Department of Haematology, Peking Union Medical College Hospital, Chinese Academy of Medical Sciences & Peking Union Medical College, Beijing, China.
Shandong Blood Center, Shandong Hemophilia Treatment Center, Jinan, China.
Haemophilia. 2020 Jan;26(1):122-128. doi: 10.1111/hae.13889. Epub 2019 Nov 19.
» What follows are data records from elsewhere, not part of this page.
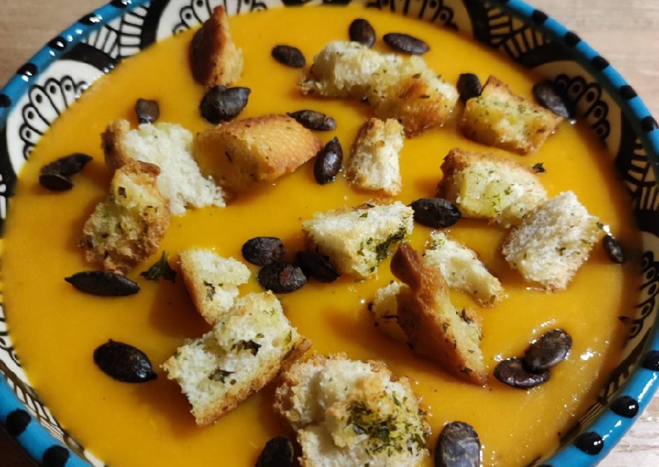 - Au four faites cuire sur une plaque quelques graines de courges et du pain de la veille coupé en morceaux un peu d'huile d'olive et de persil sur le croûtons avant cuisson
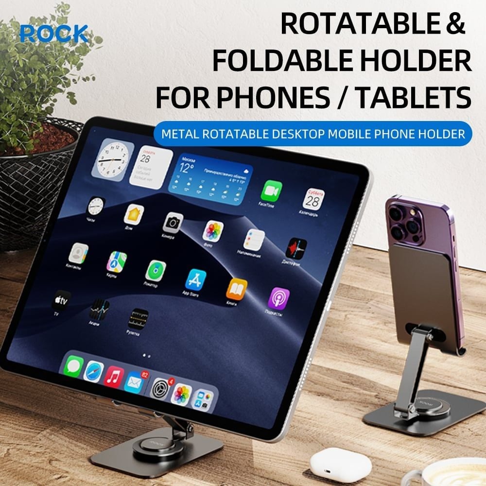 TÍNH NĂNG ĐẾ GIỮ ĐIỆN THOẠI ROCK METAL ROTATABLE DESKTOP MOBILE PHONE HOLDER
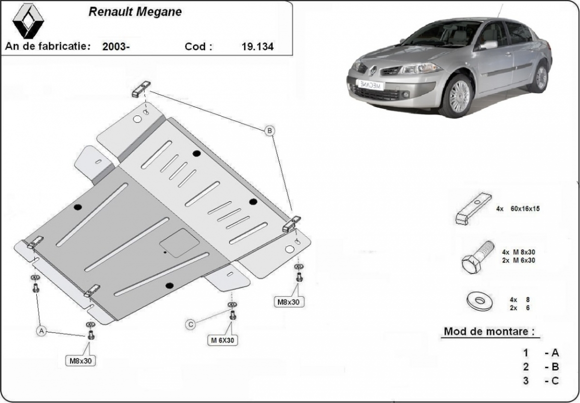 Der Unterfahrschutz ist neu und passt perfekt für alle Renault Megane 2 versionen, die zwischen 2004 und 2008 hergestellt wurden. Die Abschirmung schützt: motor, getriebe, kühler Befügt über ein Fensterchen zur Ölwanne, so dass dessen Entfernung beim Ölwechsel nicht notwendig sein wird. Aus Stahlblech angefertigt mit einer Stärke von 2 mm. Schrauben, Mutter, Klips - alle Befestigungszubehör sind im Lieferung enthalten. Um mehr Schutz zu bieten gegen Korrosion wird der Unterfahrschutz elektrostatisch besprüht (Pulverbeschichtet) und bei 200o eingebrannt bzw. getrocknet. |
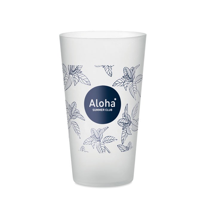 Wiederverwendbarer PP-Becher mit gefrosteter Oberfläche. Ideal für Festivals. Füllmenge: 500 ml.
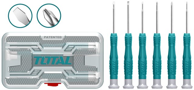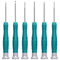 - Bộ 6 tua vít đồng với tay cầm TOTAL thiết kế mới, hộp nhựa mới
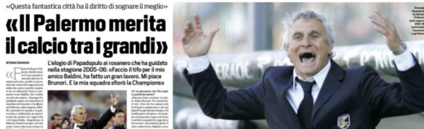 L'edizione odierna de "Il Corriere dello Sport" riporta un'intervista all'ex rosanero Giuseppe Papadopulo il quale parla del Palermo e del...
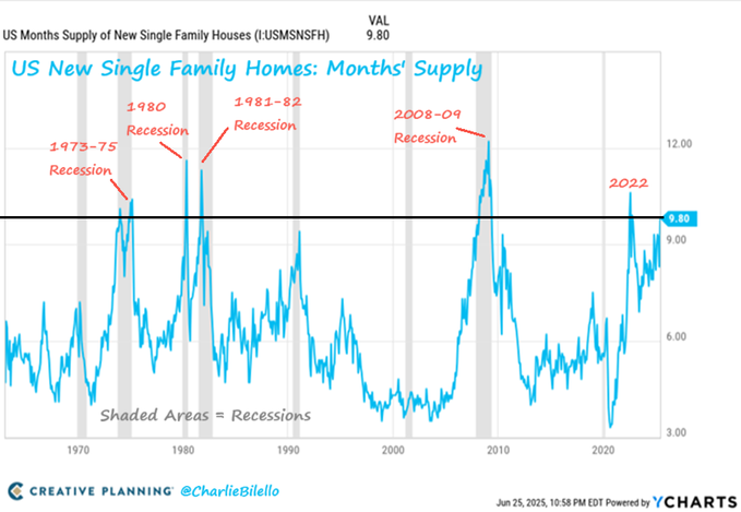 The supply of new homes in the US moved up to 9.8 months in May, highest since 2022. Prior to 2022, when supply was this high the US economy was always in recession & facing job losses. Today, the supply spike (thus far) is due to the least affordable housing market in history.
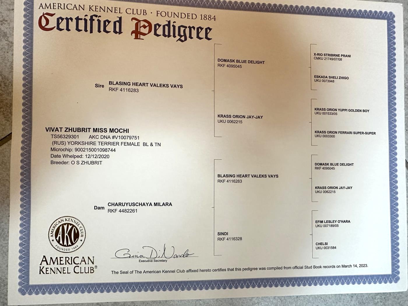 SCARLETT IS SIRED BY “BLASING HEART VALEKS VAYS”. An
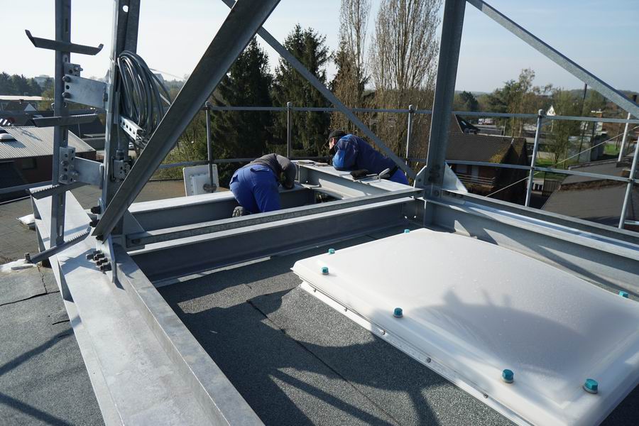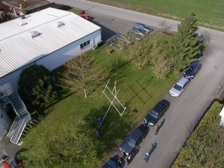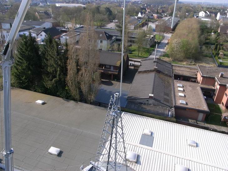 hier die ersten Bilder vom der 2 tätigen Aufbau vom Gittermast auf dem Silodach.
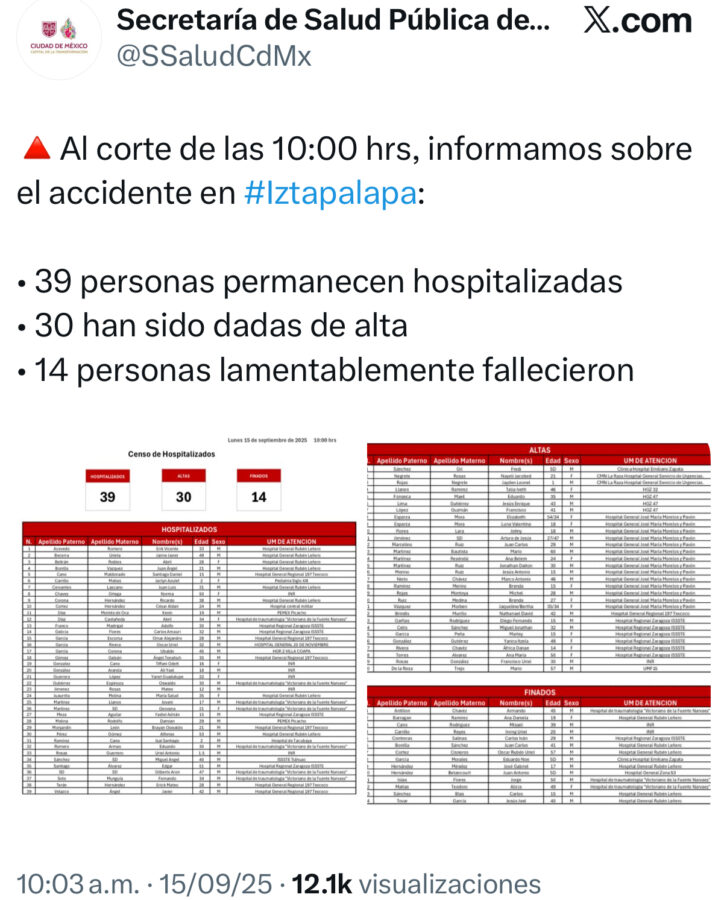 La Secretaría de Salud de la Ciudad de México actualizó el estatus de los afectados por la explosión de una pipa de gas en el Puente de la Concordia, en Iztapalapa, y confirmó que la cifra de fallecidos por la tragedia aumentó a 14 personas.
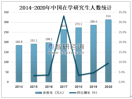 中国在学研究生人数逐年增加,2020年中国在学研究生人数达314万人,较2019年增加了27.6万人,同比增长9.6%。
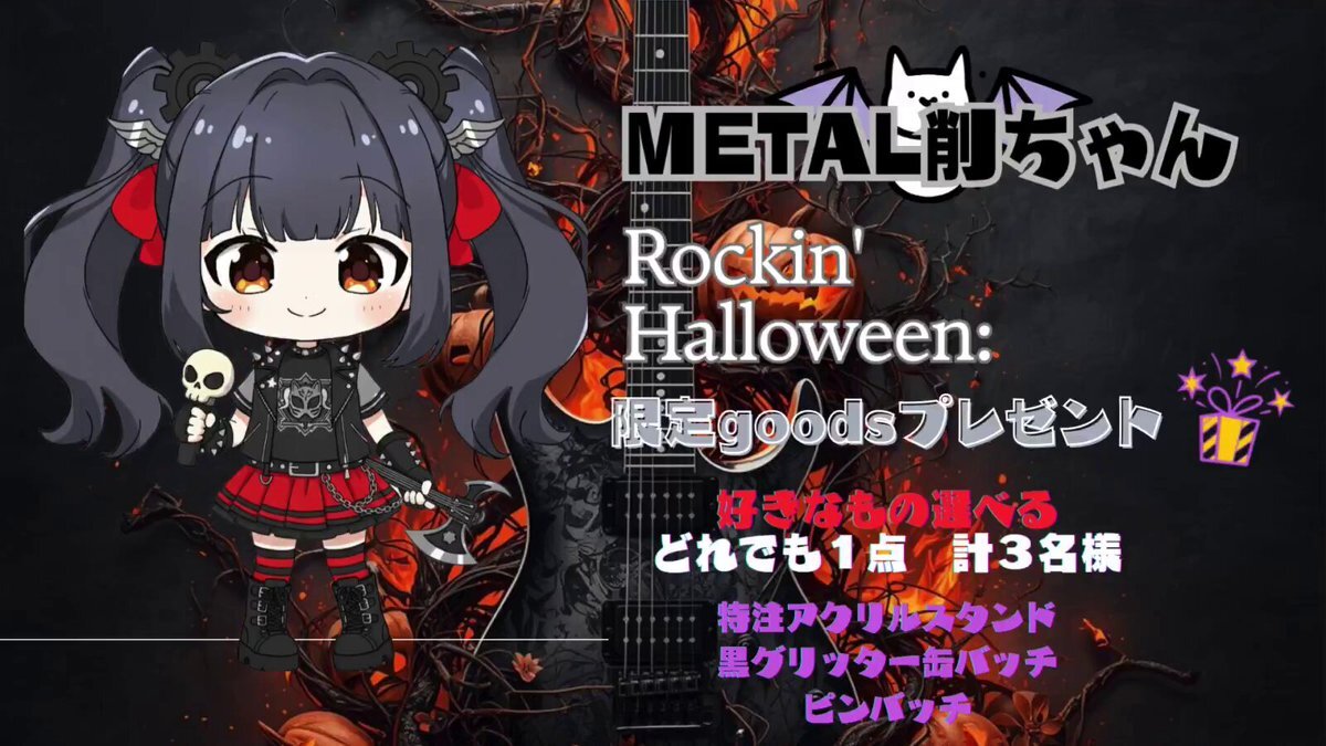 🎃#HappyHalloween 🎃 #METAL削ちゃん 限定Goods発表🎊 👻特注アクリルスタンド 👻黒グリッター缶バッチ 👻ピンバッチ お好きなもの選べる ハッピーハロウィン #キャンペーン プレゼント🎁 計3名様✨ キャラ初のRockテイストの削ちゃんと 一緒にシャウトしよう⚡️🎤 ミュージック付き限定動画を x.com/d1kongo/status…
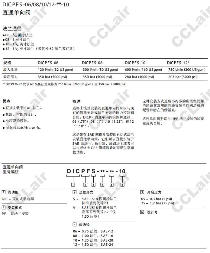 DICPFS-06,DICPFS-08,DICPFS-10,DICPFS-12,DICPFS-06-05-10,威格士-Vickers,直通單向閥
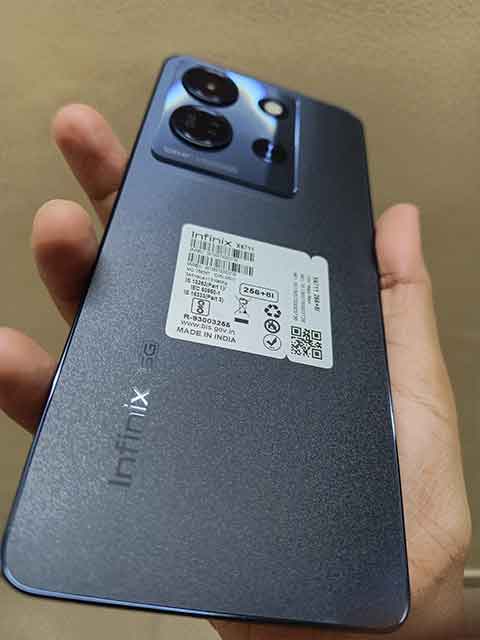 Infinix Note 30 5G – Design The Magic Black colour variant that we had for this review instantly feels attractive to hold. The boxy body and glittering yet somewhat matt finish of the back panel makes it look both classy and jazzy at the same time.
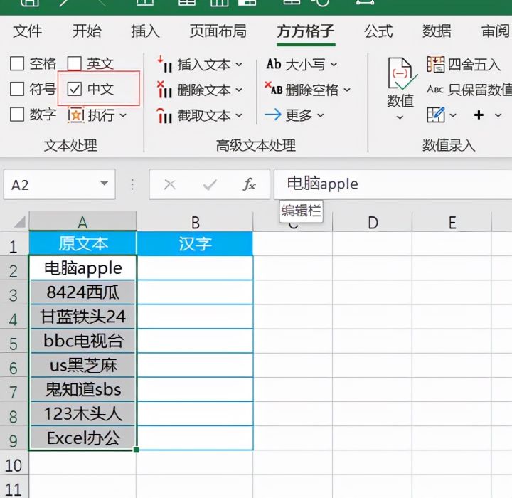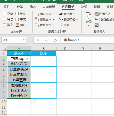 3.点击方方格子(一款Excel插件,下载安装方法百度即可)
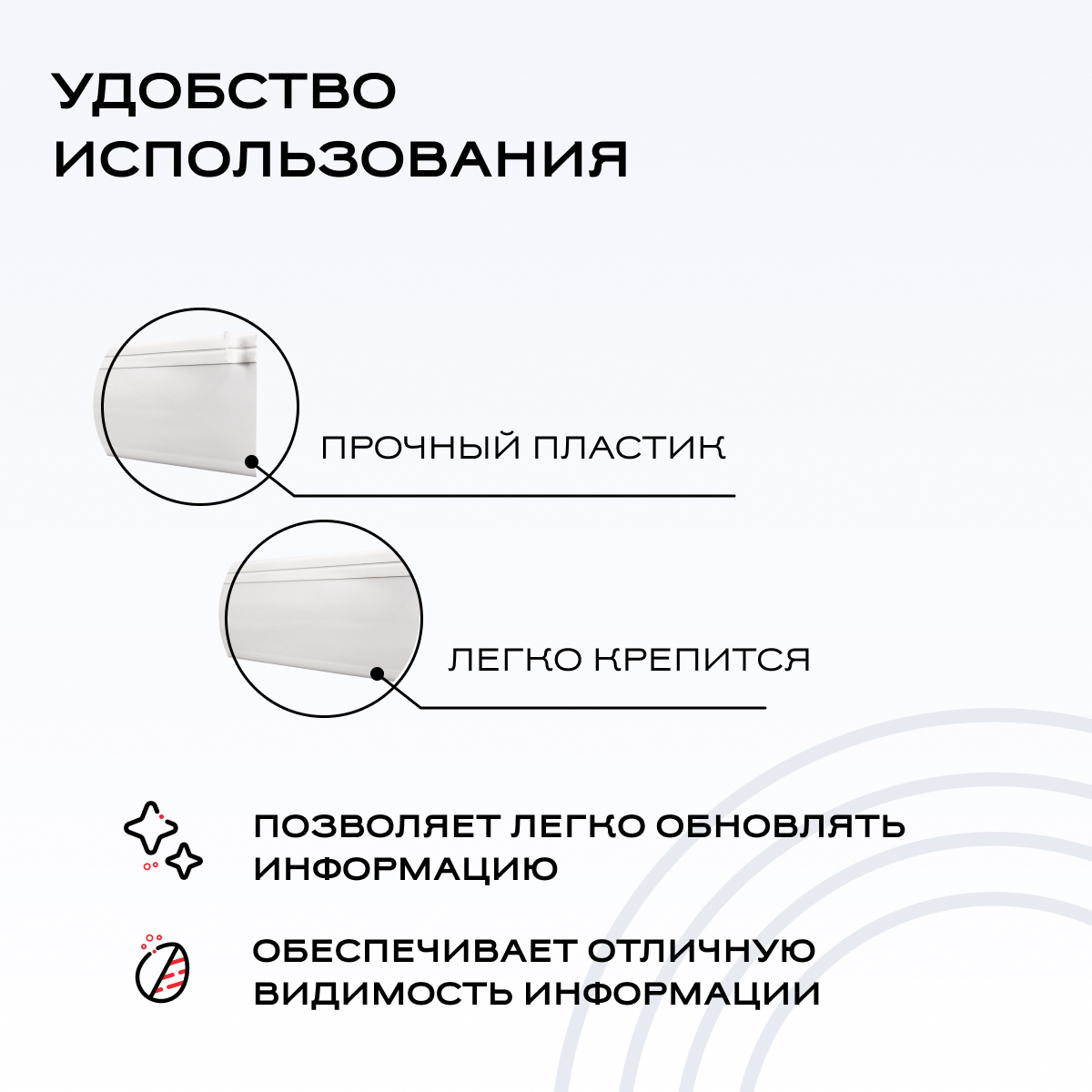 Ценникодержатель полочный самоклеющийся DBR105 длина 1000 мм, высота 105мм, цвет белый можно приобрести в интернет-магазине Lokos с доставкой или самовывозом по Челябинской области или доставкой до ТК с дальнейшей отправкой во все регионы Российской Федерации и СНГ.
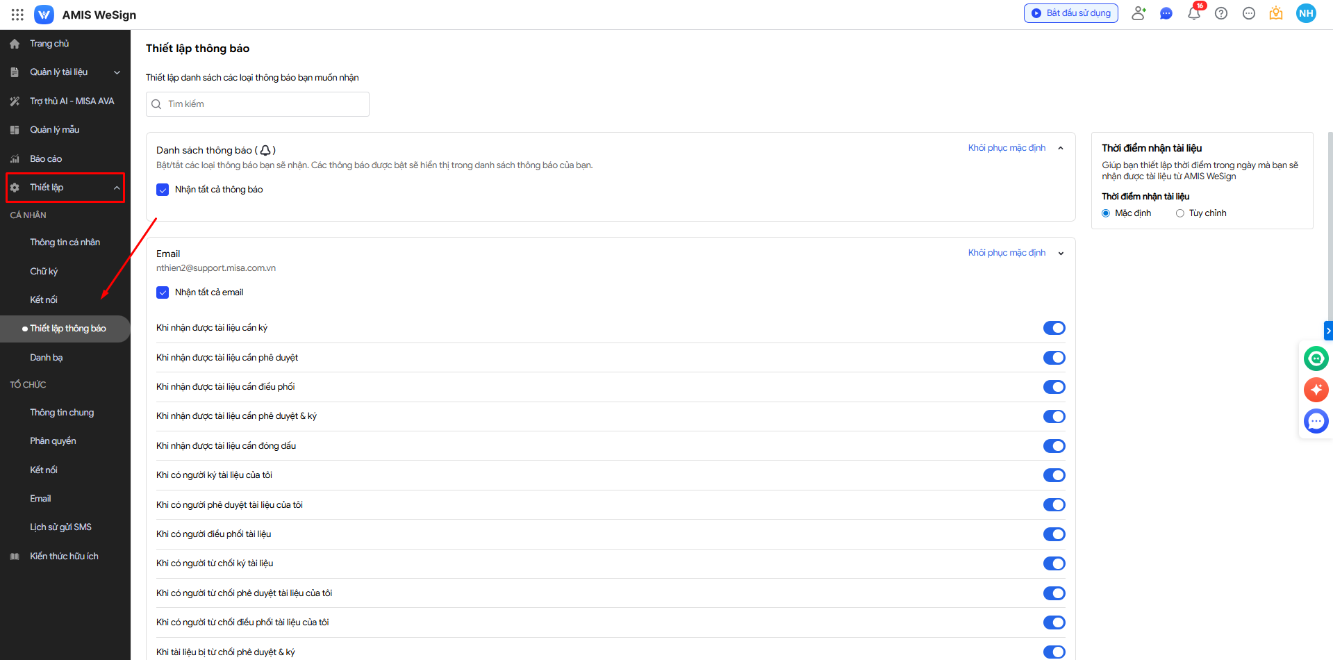 Bài viết hướng dẫn thiết lập nhận và quản lý thông báo trên AMIS WeSign, đảm bảo không bỏ lỡ các cập nhật quan trọng về tài liệu và hoạt động liên quan.
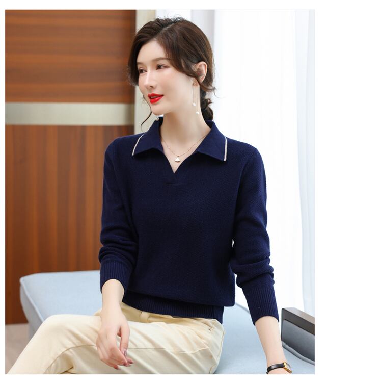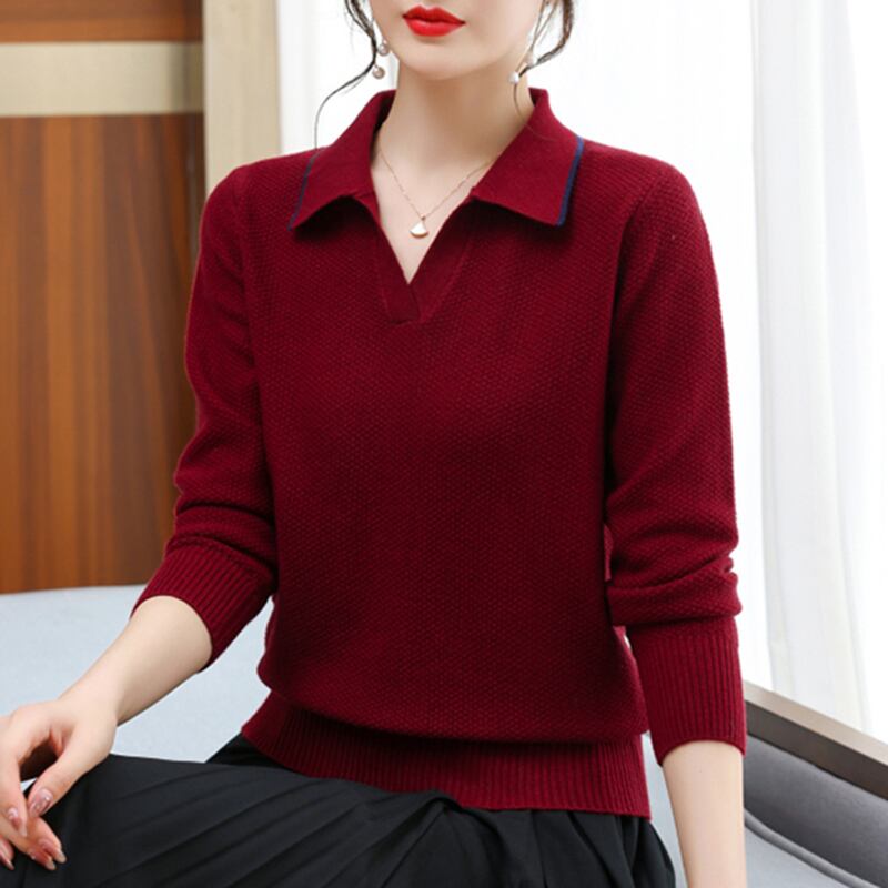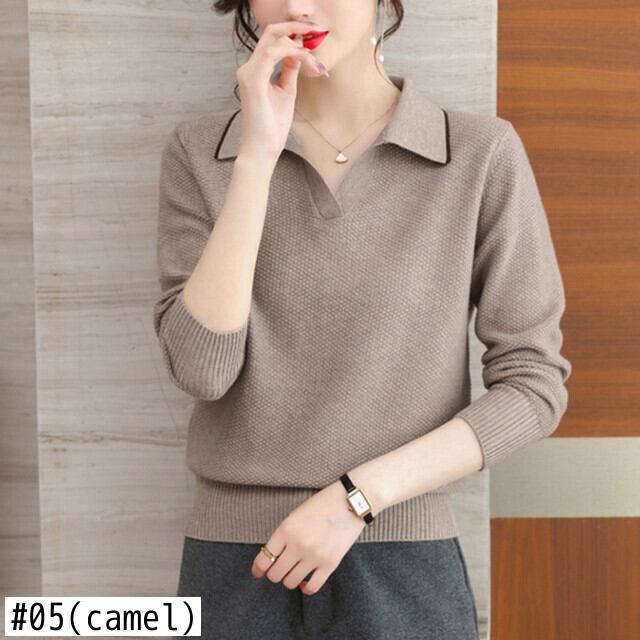セーター秋冬服長袖ニットトップスターンダウン襟ルーズプルオーバープル ロング オータム 秋物 ウィンター 冬物
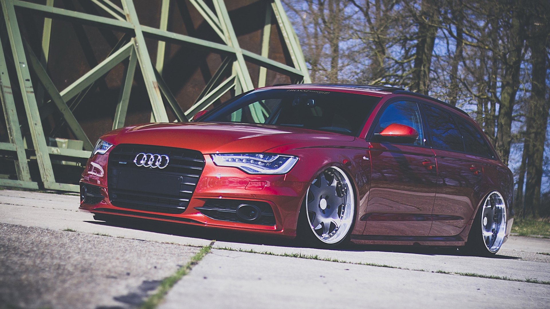 Description: A red car parked on the side of a road next to a bridge and trees in the background with a green metal structure.

An increased bleeding tendency has been shown in female haemophilia carriers compared to healthy females. Bleeding assessment tools (BATs) have mainly been performed in western cultures. It is unclear how they perform in populations with different healthcare, health/wellness concepts and awareness, as well as family planning practices.
To (a) describe and compare the bleeding symptoms in carriers with healthy females, particularly for bleeding after surgical abortion and intrauterine device (IUD) placement which are performed frequently for family planning in China; (b) quantify scores of International Society on Thrombosis and Haemostasis Bleeding Assessment Tool (ISTH-BAT) and Chinese-BAT (C-BAT) developed to include surgical abortion and IUD placement as separate categories in Chinese haemophilia carriers; (c) correlate bleeding scores (BS) with factor levels.
We conducted a multicentre, cross-sectional study on obligate haemophilia carriers and healthy controls using ISTH-BAT and C-BAT.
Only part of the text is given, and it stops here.